Monday, April 21, 2014

Interview with a Lemur

The lemurs of Ranomafana National Park seem to have gotten used to their protected status and lost all fear of humans. In fact, we approached one of them, a Greater Bamboo Lemur, while he was munching on a hunk of pale yellow bamboo. He kept on eating as we got closer, and finally, when we were right next to him, he looked up at us. It suddenly struck me that I could actually try to communicate with him.

"Hello," I said. "Excuse me, but do you realize that I'm your distant relative?"
It was a pretty lame opening, but still I was surprised, when he replied,

"Very distant. And we're not particularly proud of it. We see you as pretty pathetic, ground-bound as you are. I mean, Life is in the trees, man!"

Well, I saw immediately that he would be frank with me. So I decided to go directly to the subject I was most curious about.

"You know, that bamboo you're eating is a total poison to us."

"Good thing," he repied "We wouldn't want you turning it into one of your cash crops. First thing you know, it'd be genetically modified, and then when we ate it we'd probably lose our fur or grow an extra foot finger or something."

"In fact," I went on, "we're so impressed with the fact that you eat the stuff,which contains cyanide, that we call you the Greater Bamboo Lemur."

"What!!: he shouted. "You named us after what we eat!?! I mean, what about the other lemurs?"

I had to tell him that other lemurs were called ring-tail, brown, and dancing, but that he and he and his slightly more yellow cousin were called the Greater and the Golden Bamboo Lemurs.

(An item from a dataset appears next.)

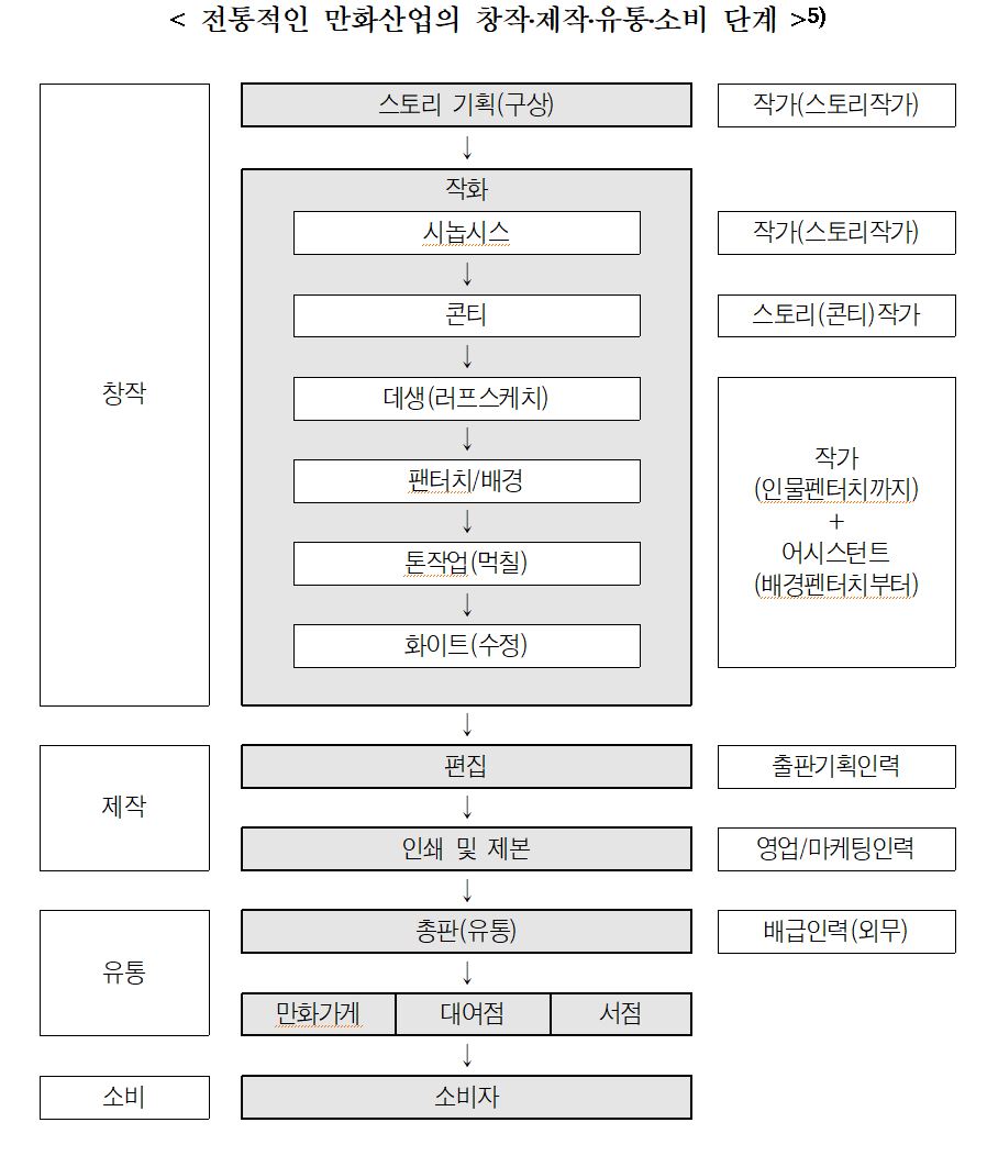 산업의 기초가 작가가 창작한 저작물과 이에 따른 저작권리에 의해 형성된 것이다. 그런데 전통적인 만화산업은 최종 상품이 책 또는 잡지 같은 인쇄․출판물의 형식을 취했다. 작품화 과정을 통해 발생한 저작물(원고, 原稿)과 저작권리에 기초하고 있지만 제품화나 상품화 단계의 과정을 통해 생산된 출판물(복제 배포물)의 유통에 의해 매출이 발생한다. 즉, 작품이 아닌 상품화 과정에 의해 가치(이윤)가 창출되고 배분됐다. 이에 따라 전방에서 작품화를 전담한 작가의 권리보다 후방에서 상품화를 위해 비용을 투자하고 이를 회수한 기업의 권리가 더 큰 구조를 취했다. 이 중심에 제품화를 전담한 생산기업(출판사나 매체사)이 있었다. 그래서 그간의 만화산업은 저작권리 유통 사업에 입각해 있다기보다는 출판물유통업 또는 제조업의 기준에 맞춰져 있었다. 하지만 최근 만화산업의 핵심 상품이 책이나 잡지 같은 물리적 상품이 아닌 디지털화 된 비물리적 상품으로 전환되면서 산업의 주축을 형성하고 있던 생산기업의 역할에 변화가 발생하고 있다. 이른바 한국형 디지털만화라고 하는 ‘웹툰’이 국내만화산업의 주류 장르가 되면서 만화산업 내에서 작가와 기업, 생산기업과 유통기업 간의 역할과 권리 분배 과정에서 혼란과 분쟁이 발생했다.

"Ok, ok," he said. "So let's start right now be calling you humans after what you eat. Yeah, yeah. Let's make it a subspecies, so you can still breed with each other. But there's definitely the hamburger-eating human, and the friend-chicken-eating human." He was on a roll, but the next thing he said really surprised me.

"Homo sapiens hamburgensis and Homo sapiens polooleoardensis."

This lemur knew Latin??

Then he jumped up on a thick bamboo stalk and off he went.